Я отстраненно улыбаюсь, наклоняюсь к Маше, целую ее в висок. Чувствую, что и ей непросто, но она пошла на это ради меня, и я должен это ценить.
– Вы вместе такие сладкие, – смеется Джип, – я диабетик, мне на вас слишком долго нельзя смотреть, помпа из строя выйдет.
Наконец прихожу в себя и смотрю на Фокина повнимательнее:
– У тебя диабет?
– Да, – он кивает, – диабет, море обаяния и офигенное чувство юмора.
Улыбаюсь, отзеркаливая его эмоции:
– Набор хулигана?
Саша карикатурно выпячивает губы и поправляет воротник на своем поло. Выглядит так комично, что мы с Гордеевой синхронно прыскаем.
В итоге, когда доходим до кабинета, то все втроем заметно расслабляемся. Мне уже не хочется никого убивать, Машины пальчики теплеют, а Джип просто крайне доволен собой.
Дверь закрыта, и наши одноклассники толпятся в коридоре. Кто-то сидит на полу, кто-то примостился на подоконнике. Первыми реагируют, конечно, девочки. Те, что потише, просто округляют глаза. Склоняют вместе головы и начинают перешептываться. Я их имен даже не помню, и в целом не очень забочусь об их мнении. Но вот две подружки Маши… те устраивают целый перформанс. Вообще не понимаю, что у них общего, а в эту секунду тем более пребываю в шоке.
Ира Карпова взвизгивает и хватает Сокольскую за руку. Почти кричит:
– Яна! Смотри! Машка с новеньким!
Та привычно шикает и что-то тихо бормочет. Я, конечно, привык к сплетням и прочей движухе, но Маше это все наверняка неприятно.

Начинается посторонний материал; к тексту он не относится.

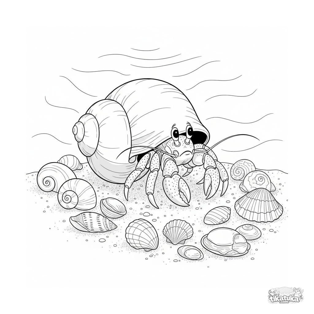 Детальная раскраска для детей 10-12 лет: краб-отшельник выбирает новый домик среди ракушек на солнечном мелководье. Реалистичное полевое изображение.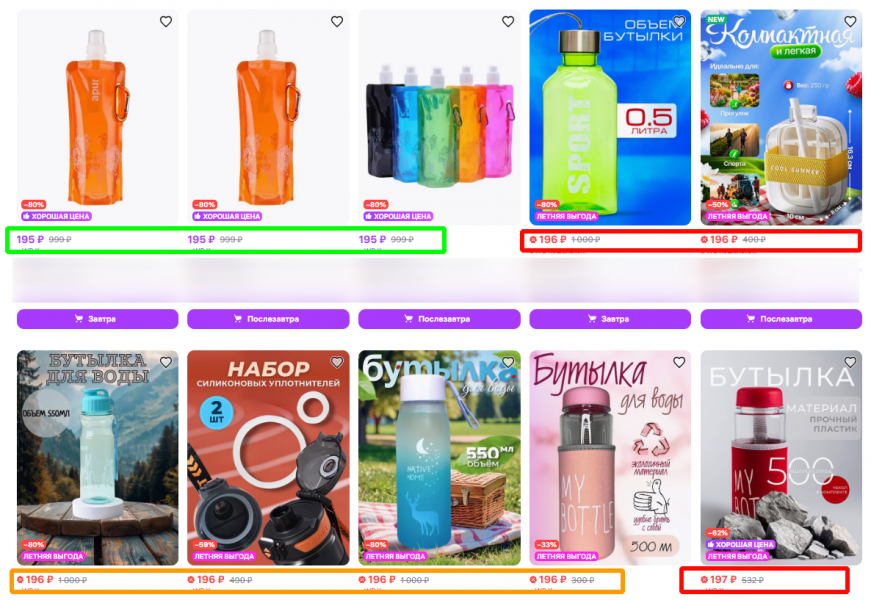 Кому подходит прием: продавцам недорогих товаров и всем, кто хочет выигрывать конкурентную борьбу за счет микроразницы в цене. Когда дримскроллер сортирует по цене, он выискивает, что бы такое купить, чтобы было не жалко. В этот момент главное — быть первым, кого заметят.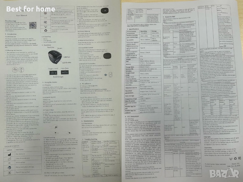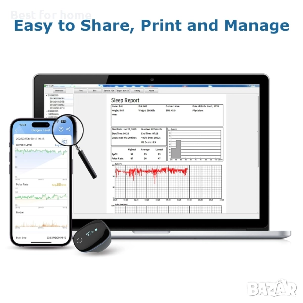 Подробни отчети от приложението и компютъра: Безплатното приложение и компютърният софтуер предоставят графични O2, PR отчети и тенденции в данните. Неограничено споделяне на PDF и CSV отчети. Приложението е съвместимо с iOS 9.0 или по-нова версия, iPhone 4s/iPad 3 или по-нова версия, Android 5.0 или по-нова версия, с Bluetooth 4.0 BLE.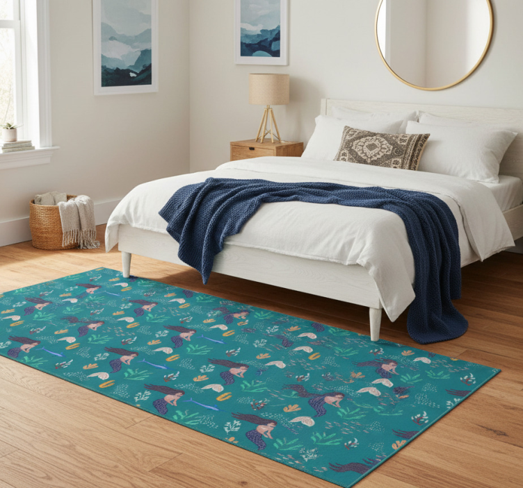 Maintaining the beauty of your Bedroom vinyl rug with mermaids and swordfish bedroom vinyl rug is simple and hassle-free. Just wipe it down with a damp cloth or use a mild detergent for deeper cleaning. Enjoy a fresh and vibrant rug that adds charm to your space!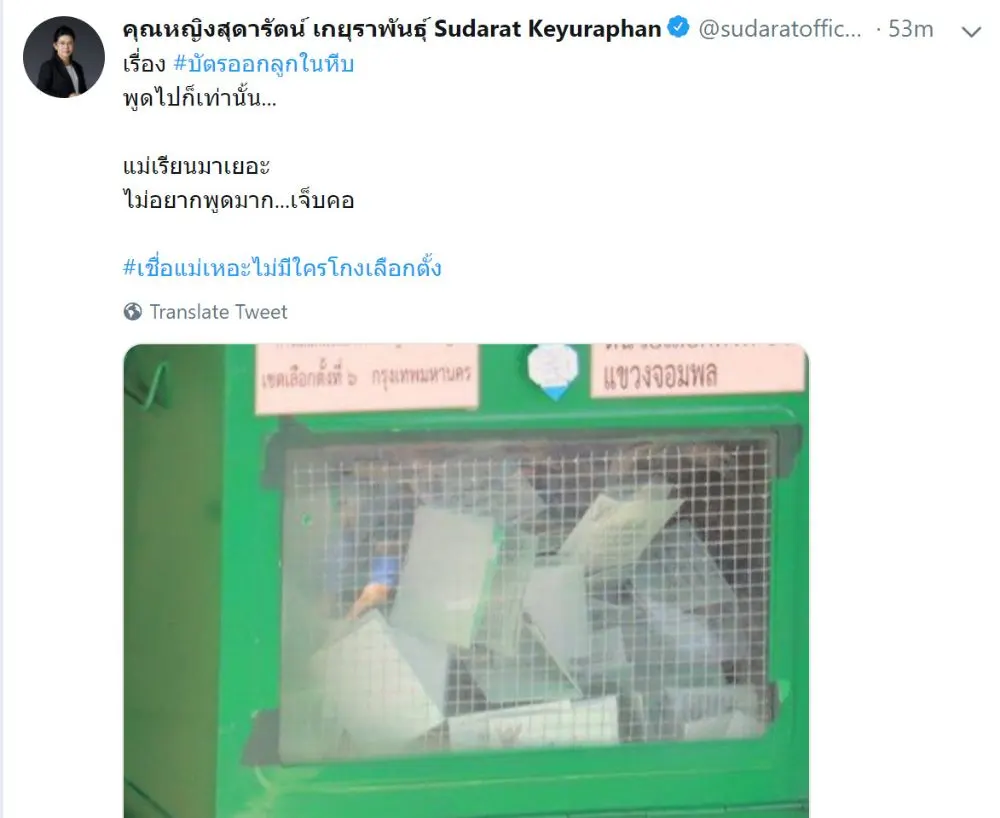 ล่าสุดทางด้าน คุณหญิงสุดารัตน์ เกยุราพันธุ์ ประธานยุทธศาสตร์การเลือกตั้งพรรคเพื่อไทย ได้ทวีตข้อความในทวิตเตอร์ส่วนตัว เกี่ยวกับกรณีนี้ว่า เรื่อง #บัตรออกลูกในหีบ พูดไปก็เท่านั้น… แม่เรียนมาเยอะ ไม่อยากพูดมาก…เจ็บคอ #เชื่อแม่เหอะไม่มีใครโกงเลือกตั้ง

Наклоняюсь и тихо говорю ей на ухо:
– Мне кажется, я тоже влюбился.
Гордеева вскидывает на меня удивленный взгляд зеленых глаз. Да, несмотря на то что я так нахально добивался ее с первой секунды, как увидел, сейчас первый раз говорю о своих чувствах. Может быть, момент не самый подходящий, но мне хочется, чтобы она знала.
Так хочется ее поцеловать! С ума схожу. Собрать эти веснушки с губ, вдохнуть, носить в себе до скончания веков. Но слишком хорошо понимаю, как смущают Машу такие проявления чувств.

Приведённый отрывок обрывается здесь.